Activity:
Once you find the line with "(a) Check if" in the data below, transcribe exactly each line from there to the line with "Hezuzo Spandex Table", inclusive, and nothing else. Drop the pictures.

Task inputs:
================================
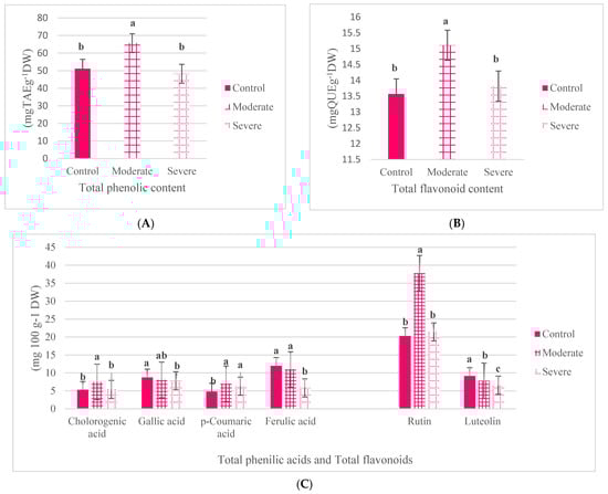 Figure 4A–C shows the effect of salt stress on the recorded traits including TPC, TFC, gallic acid, chlorogenic acid, p-coumaric acid, ferulic acid, rutin, and luteolin. In general, the results show that moderate salt stress results in an increase in TPC, TFC, chlorogenic acid, p-coumaric acid, and rutin compared to the control levels. Meanwhile, severe salt stress led to decreases in TPC, TFC, rutin, gallic acid, chlorogenic acid, and ferulic acid compared to the control and moderate salt stress. When plants grown under severe salt stress were compared to those grown under moderate stress, the maximum reduction was observed in the levels of ferulic acid (51%), rutin (43%), and chlorogenic acid (28%), respectively. The extent of the reduction in TPC observed in plants exposed to severe salt stress compared to the control was 27%. In fact, although the level of these traits increased under moderate salt stress when compared to the control plants; severe salt stress led to a decrease in the amounts of these compounds.
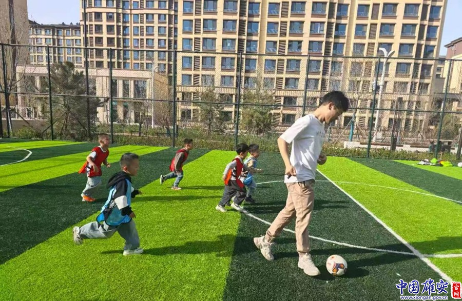 雄安雄东长宁幼儿园的孩子们在老师的带领下进行足球训练。中国雄安官网发
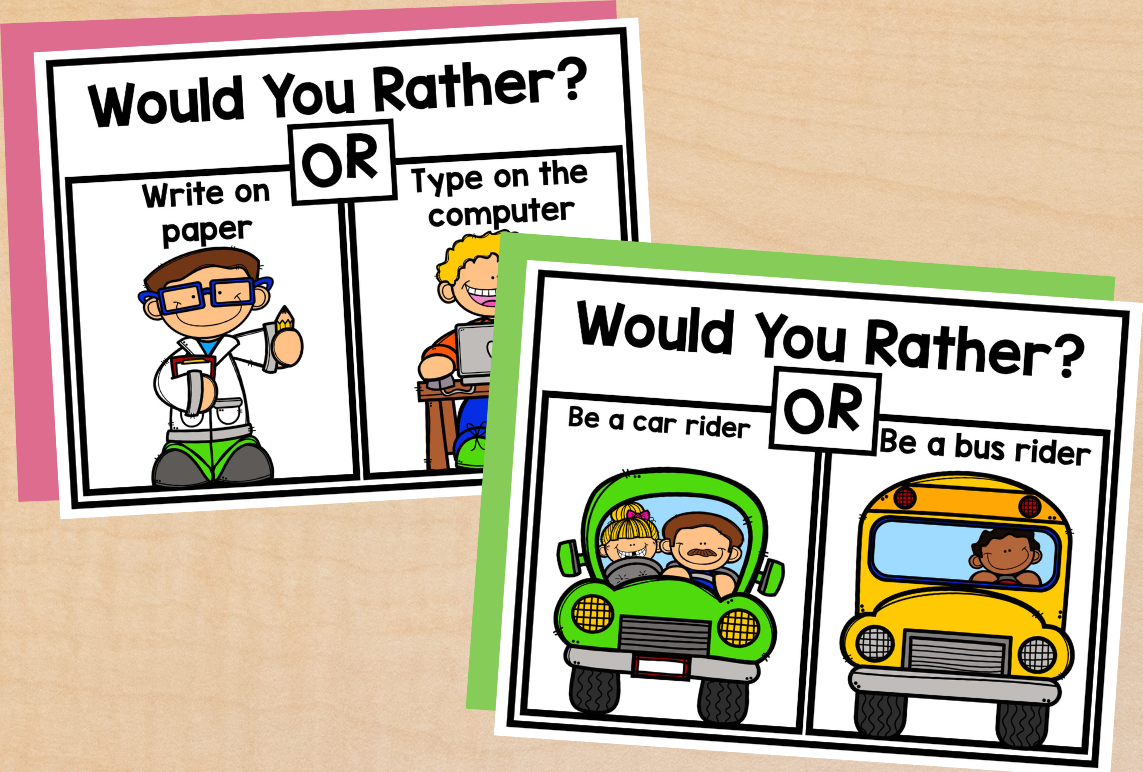 These Would You Rather prompts are perfect for morning meetings, quick opinion writing, or easy classroom discussions. Students share their thinking, listen to others, and begin building classroom community.
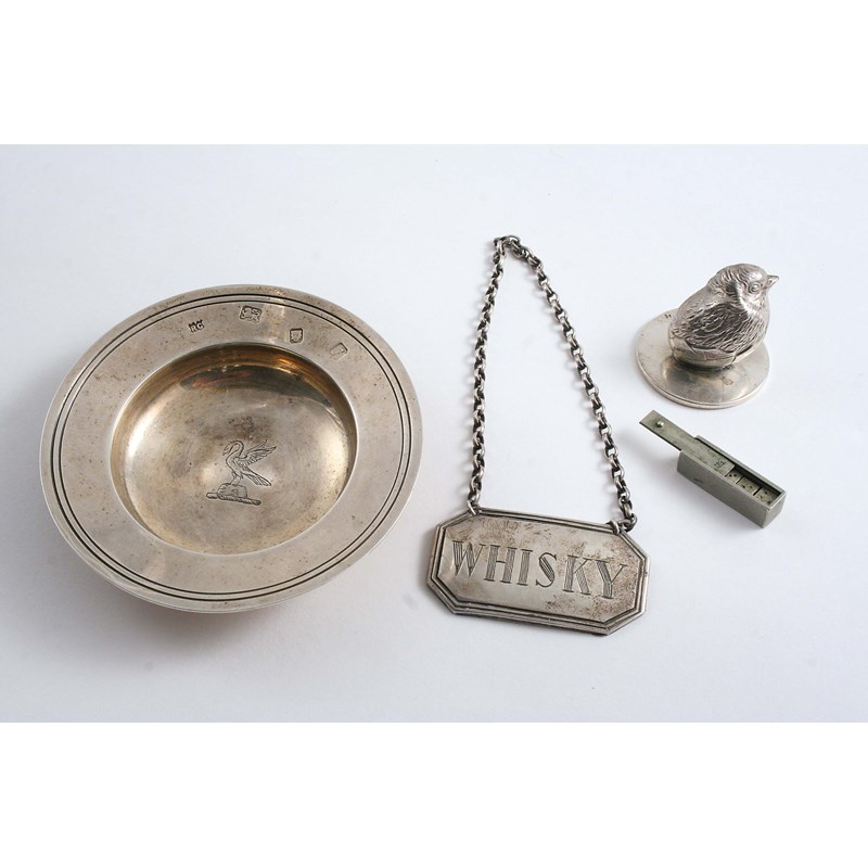 by S. Mordan & Co., Chester 1913, a "Whisky" label, a small dish and a miniature nickel boxed set of dice; the dish 3.2" (8.2 cms) diameter (4)
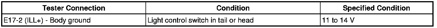 (a) Check if the illumination for the navigation receiver assembly, steering pad switch, glove box or others (hazard switch, transmission control switch, etc.) comes on when the light control switch is turned to the tail or head position.
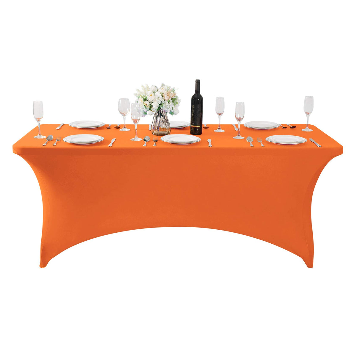 Hezuzo Spandex Table Cover For 6Ft Table Universal Fitted Stretch Tablecloth For Party, Banquet, Wedding And Events-Orange
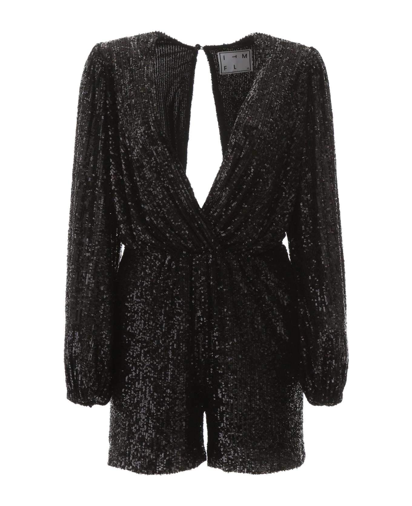 In the Mood for Love sequin-covered jumpsuit with elastic waistband and maxi cut-out on the back. Deep V neck, draped front, side pockets, elastic cuffs. Jersey lining. Model height is 177 cm and she is wearing a size XS.
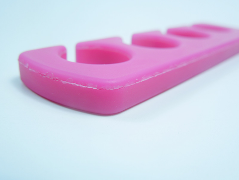 一般產(chǎn)品出現(xiàn)爆邊的材料硬度在30度到40度左右而高硬度的材質(zhì)基本沒有這種現(xiàn)象,而在帝博硅膠制品廠家主要常見的產(chǎn)品有產(chǎn)品厚度比較薄的表帶,一些柔軟材質(zhì)低硬度電子產(chǎn)品分子托等,造成產(chǎn)品出現(xiàn)爆邊現(xiàn)象的原因:原材料材質(zhì)的問題,填充的炭黑量過多硅油量過大所致,原材料當(dāng)中硅油在混煉膠完成以后放置太久導(dǎo)致硫化劑逐漸失效,混煉時硫化劑用量過多硫化溫度過高,原材料過重導(dǎo)致產(chǎn)品毛邊過大在加上材質(zhì)柔軟,自裁邊拉壞等等原因。
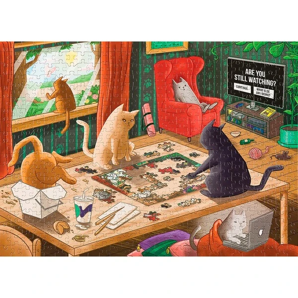 Die Puzzles aus der Welt der Exploding Kittens bieten herrlich verrückte Motive und großen Puzzlespaß. Die Motive sind katzenhafte Interpretationen besonderer Werke der Kunstgeschichte oder Charaktere aus dem Universum von Exploding Kittens. Die Puzzleteile bestehen zu 100% aus recyceltem Material. Das Puzzle Cats in Quarantine zeigt Katzen beim Zeitvertreib in der Quarantäne.Art.-Nr.: 1901682
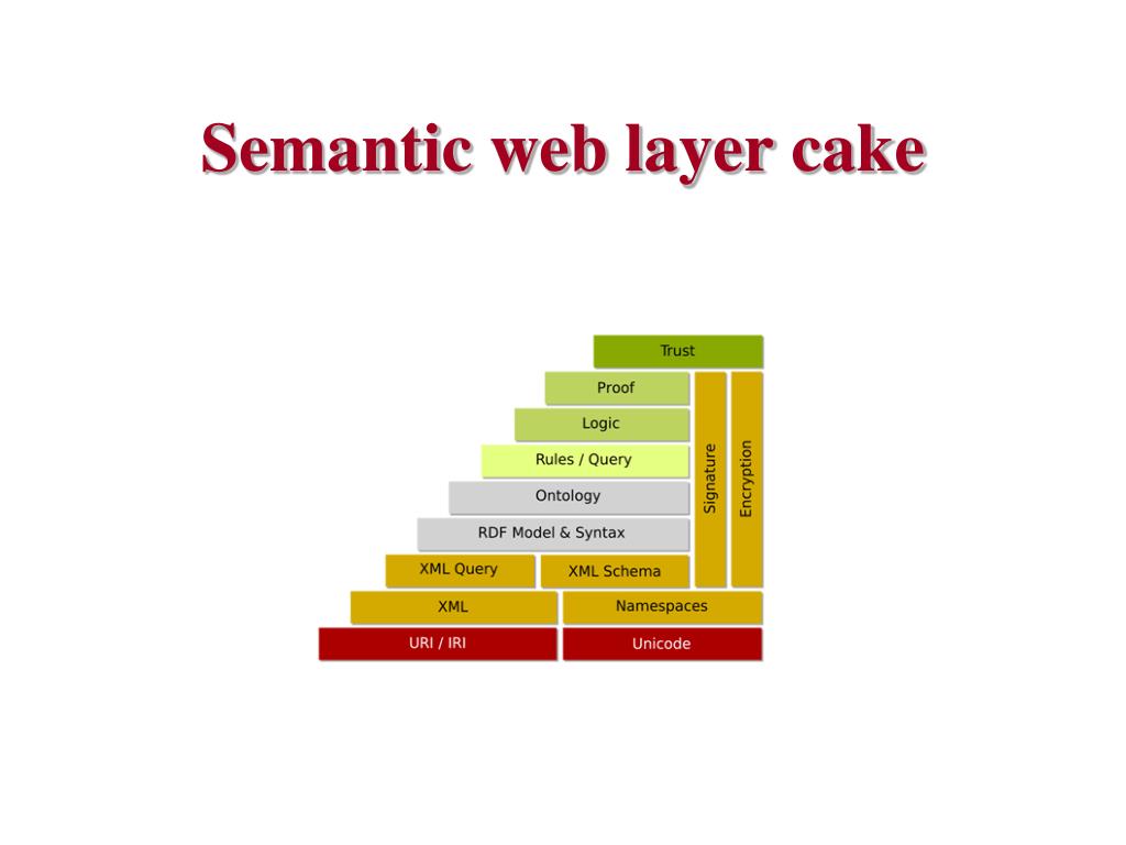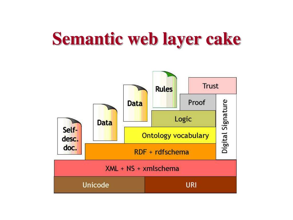 A szemantikus web szintjei • Az egyes szintek funkciói: • Az URI-k azonosítják a fogalmakat, amikről beszélünk (önleíró dokumentum); • Az XML biztosítja az egységes szintaxist; • Az RDF a szemantikai tartalmat hordozza; • Az ontológiák írják le a szabályokat, amelyek alapján következtetések vonhatók le; • Az ontológiák formális logikákon alapulnak • Az egyes szintek egymásra épülnek. • Minden szint eggyel komplexebb, mint az alatta elhelyezkedő. • Mégis az egyes szintek önállóan fejleszthetők.
================================
Response below:
 (a) Check if the illumination for the navigation receiver assembly, steering pad switch, glove box or others (hazard switch, transmission control switch, etc.) comes on when the light control switch is turned to the tail or head position.
 Hezuzo Spandex Table Cover For 6Ft Table Universal Fitted Stretch Tablecloth For Party, Banquet, Wedding And Events-Orange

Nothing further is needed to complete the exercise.